I’ll be in the cave with my many devices, each of which does one thing, and cursing because I can’t find the right one.

2. I was sorely tempted to join the Democratic Party just so I could vote against Andrew Cuomo in the New York state primary.

I couldn’t, in the end, force myself into the Dems: I am pragmatic enough to vote for them, but leftwing enough not actually to become one.

Anyway, Andrew Cuomo is a conniving asshole who hates New York City and he almost certainly will be my governor for the next 4 years.

Better than Scott Walker, yes, but about par with a migraine and much worse than alcohol or George Clooney.

3. Speaking of Scott Walker, I would most like to win the lottery so I could drop a barge-full of money on the Badger state advocating for his opponent, Mary Burke.

I so so so want him to lose lose lose. Not only because I think he’s making Wisconsin worse, but also because that should put a stake in his presidential aspirations.

4. It has occurred to me that I might be better off if I just do one, grand, Fisking of all of Rod Dreher’s blog posts and be done with it.

I don’t think I will—see: migraine—but it might help to stop the mutterings and splutterings after reading him.

Of course, not reading him would also help to stop those mutterings and splutterings, but let’s not get all logical here, all right?

5. And logic? Please call Andrew Sullivan. In today’s “Best of” post (to which I’m not linking, because I still haven’t ponied up the double sawbucks for unlimited access and don’t want to waste a click), he states that:

I’ve never really felt totally comfortable identifying with a whole lot of what’s called gay culture.

This, from a man who runs a “Beard of the Week” feature.

Who gushes over Pet Shop Boys.

Who complains about the artifice of Lady Gaga by comparing her, unfavorably, to Miss Authenticity herself, Madonna.

Who has repeatedly mentioned how club culture and insta-fucking helped him feel more at ease with (gay) men of all races.

But because he doesn’t want to march in “lefty lockstep orthodoxy”, somehow he’s outside of a whole lotta gay culture.

Uh huh.

(To his credit, he does note the irony of writing this after having returned from his annual summer sojourn to Provincetown.)

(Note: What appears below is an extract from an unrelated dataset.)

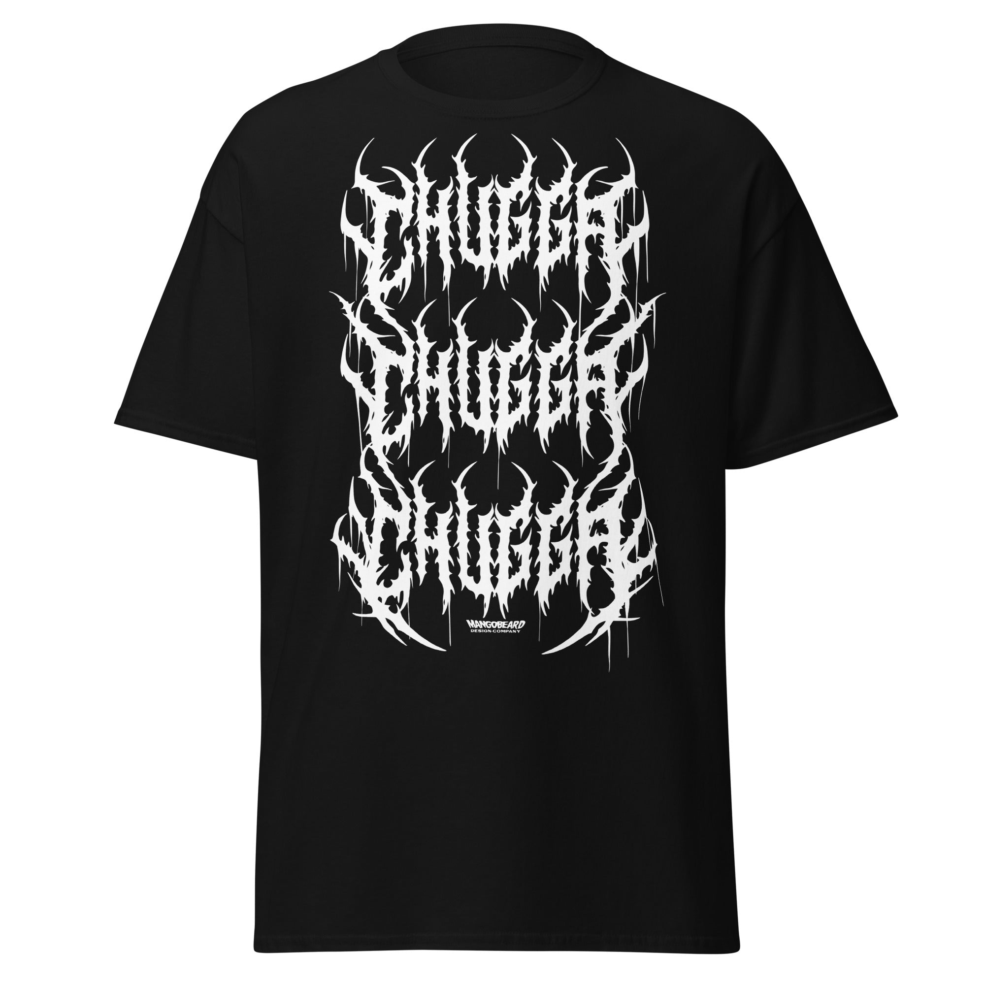 Blast beats. Breakdown riffs. A wall of distorted rhythm. This one’s for the pit-dwellers and riff worshippers. Featuring a triple-stack “CHUGGA” in obliterated deathcore typography, this shirt is pure sonic violence in cotton form.

6. Finally, I was going to write something about Joan Rivers, but wasn’t at all sure what to say.

I was huge fan in high school (Can we talk?) but my delight in her fell off rather considerably over the years: what had seemed daring later, to me curdled into mean, and I rarely laughed at her jokes anymore.

Still, she did help to form my sensibility that comics really ought to be able to say anything, and the only thing that mattered to the craft was: was it funny?

(And, it should be said, that bit on her reality show in which she got high with a friend was fucking hilarious. It’s not as funny on second viewing, but oh did I laugh the first time I saw it. Go here, and fast forward to about 26:05.)

Anyway, I read this, which seemed about perfect.